Tank Teardown, Cleaning, Restarting - Q on the cleaning part

dankoos

New member
So after about 8 years, the first 3 or 4 being great and the last few having a myriad of problems (mechanical failure, neglect, etc) I have decided it is time to completely break down my 90 gallon (with 55 gallon sump) in-wall tank and start fresh, mostly due to the fact my 100+ pounds of live rock is completely covered in manjo anemones (with some aiptasia thrown in for good measure). I am going to acidize or bleach the the rock (or both) and start fresh. I currently have 4 fish and plan on housing them in a 20 gallon tank with a few pieces of the current rock while I go through this process.

I have seen lots of threads on how to bleach/acidize the rock, what I have NOT seen is what anyone does to their tank to make sure any pests don't just get right back onto the rock once they are done. I am going to remove all of my sand (only about 1/4 - 1/2" thick layer) and manually remove anything that I see..but that still leaves my overflow pipes (1.5" size) and any other nooks and crannies where pests love to hang out.

My thought was to just fill the system up with tap water and add some bleach and run the system (the "system" just being a return pump) for a week or so like that hoping that the bleach will kill any pests left behind.

Has anyone ever done this or have another method they used to completely eliminate pests before starting over?

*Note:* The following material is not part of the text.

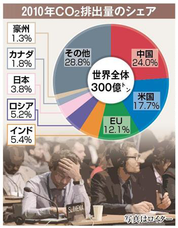 2010年CO2排出量のシェア※各国の比率は、小数点2位を四捨五入しているため合計は100にならない。出典は国際エネルギー機関(IEA)【拡大】

Once I am happy the whole thing is clean and my rock is "clean", I am just going to seed that rock with a couple pieces of live rock purchased locally and let it re-seed the old rock...maybe buy a bag of live sand as well.
 
I just recently did this in my 400g system. I removed all the rock and did multiple bleach soakings. For the system itself I cleaned things well then drained it and filled with two water and vinegar. I wouldn’t use bleach myself. In my system I used 5 gallons of vinegar. Don’t know if it was too much/not enough but after it looked brand new.